To fragment the chromatin, manually cycle between 10 seconds of sonication and 20 seconds on ice. On every 5th or 6th cycle, extend the ice phase to two minutes so the sample doesn't overheat. Perform this sonication cycle 10 to 18 times, keeping the tip of the probe off the bottom of the tube to avoid foaming up the sample.
After the sonication, collect the sample with a fast refrigerated centrifugation. Then, transfer the supernatant containing the fragmented chromatin to a new tube and discard the pellet. See the text protocol on how to evaluate the fragmentation.
To prepare for the immunoprecipitation, first conjugate the antibodies to Dynabeads. This immunoprecipitation is scaled to samples derived from 20 million cells. Add a 1/5 volume of modified lysis buffer three with Triton X-100 to the fragmented chromatin to get a final concentration of 1%Triton.
Next, add the mixture to the magnetic beads conjugated to normal mouse IgG. Incubate the reaction for an hour on a rotator with refrigeration. Later, attract the beads from the solution for three minutes on a magnet stand.
Then, collect the supernatant. Transfer the supernatant to the tube of magnetic beads conjugated to anti-FLAG antibodies. Run this conjugation reaction overnight on a rotator at four degrees Celsius.
The next morning, apply a magnet to the tube for three minutes to collect the beads. Then, pipette out the supernatant and discard it. Now, wash the beads.
Suspend them in one milliliter of low-salt buffer and incubate them for five minutes on a rotator at four degrees Celsius. Following the incubation, isolate the beads magnetization and discard the supernatant. Repeat this wash step with low-salt buffer once more.
Using the same technique, perform two more washes using high-salt buffer. Continue using the method to wash the beads in lithium chloride buffer twice. Finally, wash the beads with TBS-IGEPAL CA-630 just once.
After the seven wash steps, suspend the beads in 200 microliters of elution buffer and incubate them at 37 degrees Celsius for 20 minutes. Then, attract the beads by magnetization and collect the supernatant into a new tube. Repeat this elution step to increase the yields.
Then, purify about 5%of the DNA to estimate the yield.

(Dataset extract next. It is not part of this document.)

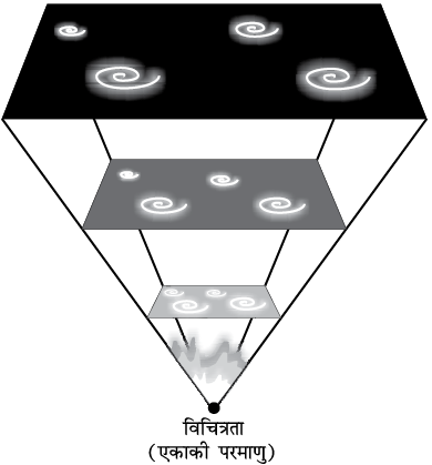- (i) आरम्भ में वे सभी पदार्थ, जिनसे ब्रह्मांड बना है, अति छोटे गोलक (एकाकी परमाणु) के रूप में एक हीस्थान पर स्थित थे। जिसका आयतन अत्यधिक सूक्ष्म एवं तापमान तथा घनत्व अनंत था।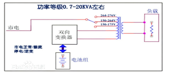 Semasa operasi utiliti biasa, ia membekalkan kuasa utiliti yang lebih baik untuk memuatkan melalui peraturan pengubah menukar paip pintar, manakala penyongsang berfungsi dalam mod terbalik untuk mengecas bateri. Semasa gangguan, beban dikuasakan sepenuhnya oleh tenaga bateri melalui penyongsang. Penukar dua arah ini berfungsi sebagai kedua-dua penyongsang dan pengecas.

Begin by mixing the bulk of the eluate into a precipitation reaction. Precipitate the chromatin overnight at negative 20 degrees Celsius.

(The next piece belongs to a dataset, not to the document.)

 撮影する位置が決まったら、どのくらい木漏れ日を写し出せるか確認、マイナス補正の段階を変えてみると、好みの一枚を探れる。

The next day, centrifuge the sample and discard the supernatant. Rinse the pellet with a milliliter of 70%ethanol and repeat the centrifugation for 10 minutes. Then, discard the supernatant and suspend the pellet in 40 microliters of 2x sample buffer.
Now, vortex the suspension for a full five minutes. Then, incubate it at 100 degrees Celsius for 30 minutes to denature and reverse the cross-linking. After the boil, run 40 microliters of the sample out on an SDS-PAGE gel.

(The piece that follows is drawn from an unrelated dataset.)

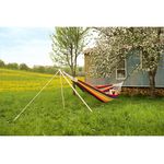 Avec une surface de couchage de 230 x 150 cm, ce hamac supporte jusqu'à 200kg.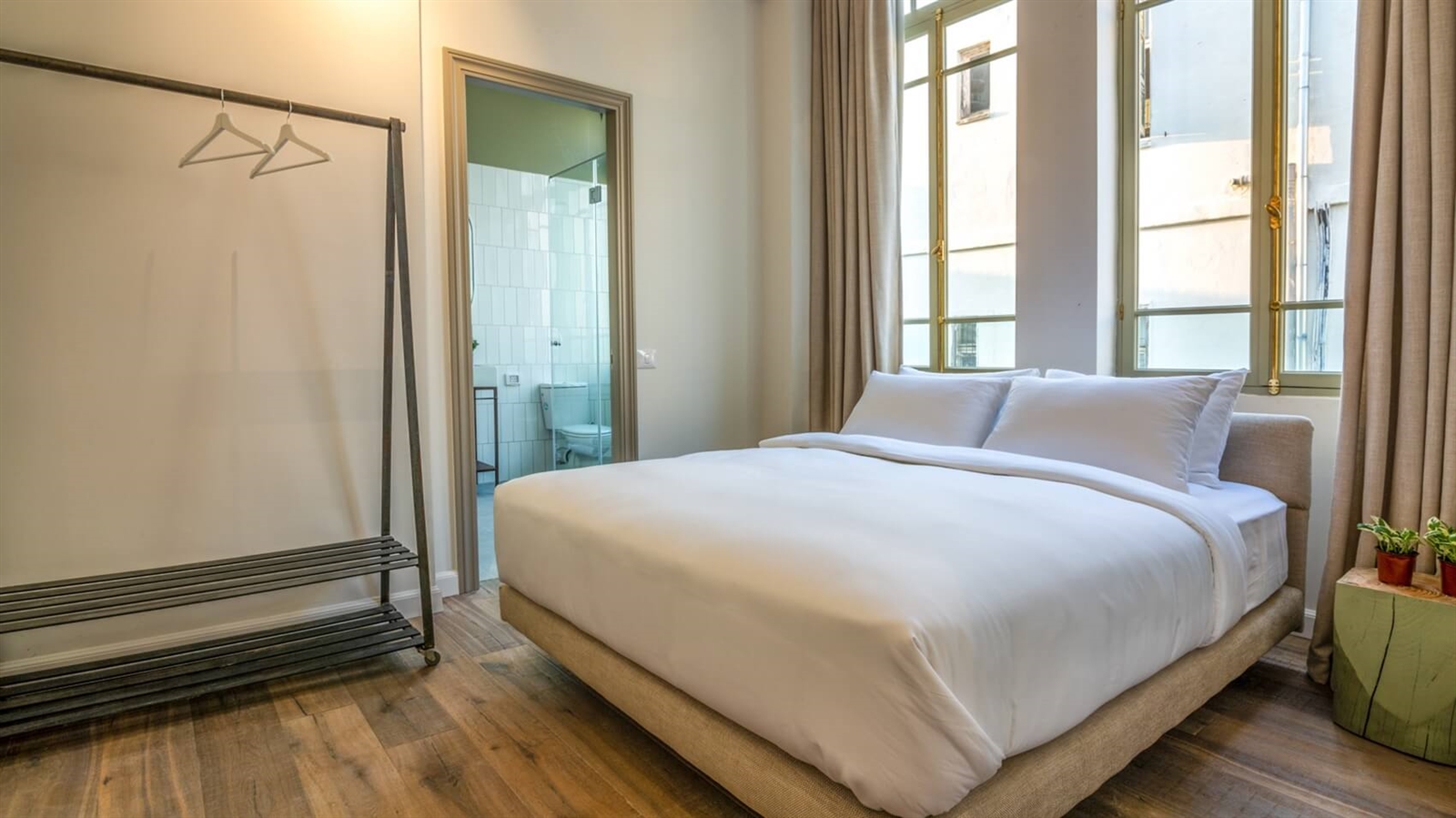 חדרים מרווחים ונעימים, בהם תיהנו ממיטת KING SIZE מפנקת במיוחד וכן חדר רחצה מטופח, חיבור לאינטרנט אלחוטי ומסך טלוויזיה עם NETFLIX. בחלק מהחדרים גם מרפסת פרטית הצופה לעיר.

Usually a four to 20%gradient is employed. Run the gel until the dye travels one centimeter below the well. Then, stain the gel and cut it into five pieces that are about 2 millimeters long.
Dilute the protein from the gel pieces and use it for mass spec analysis. Purification of the RNA, followed by sequencing analysis, are covered in the text protocol. Overall, up to 10%of target genomic regions can be purified using enChIP.
Seen here are yields of analyses targeting the promoter region of IRF-1 gene as compared to the non-specific Sox2 locus. Another example is the targeting telomeres versus non-specific gamma-satellite locus. enChIP SILAC identified several proteins associated with the IRF-1 promoter in an interferon gamma-specific manner.
Telomere-binding proteins were also identified by enChIP combined with mass spectrometry. enChIP RNA sequencing was then used to identify the RNAs associated with the telomeres. After its development, this technique paved the way for researchers in the fields of transcription and epigenetic regulation to explore such mechanisms in various biological systems.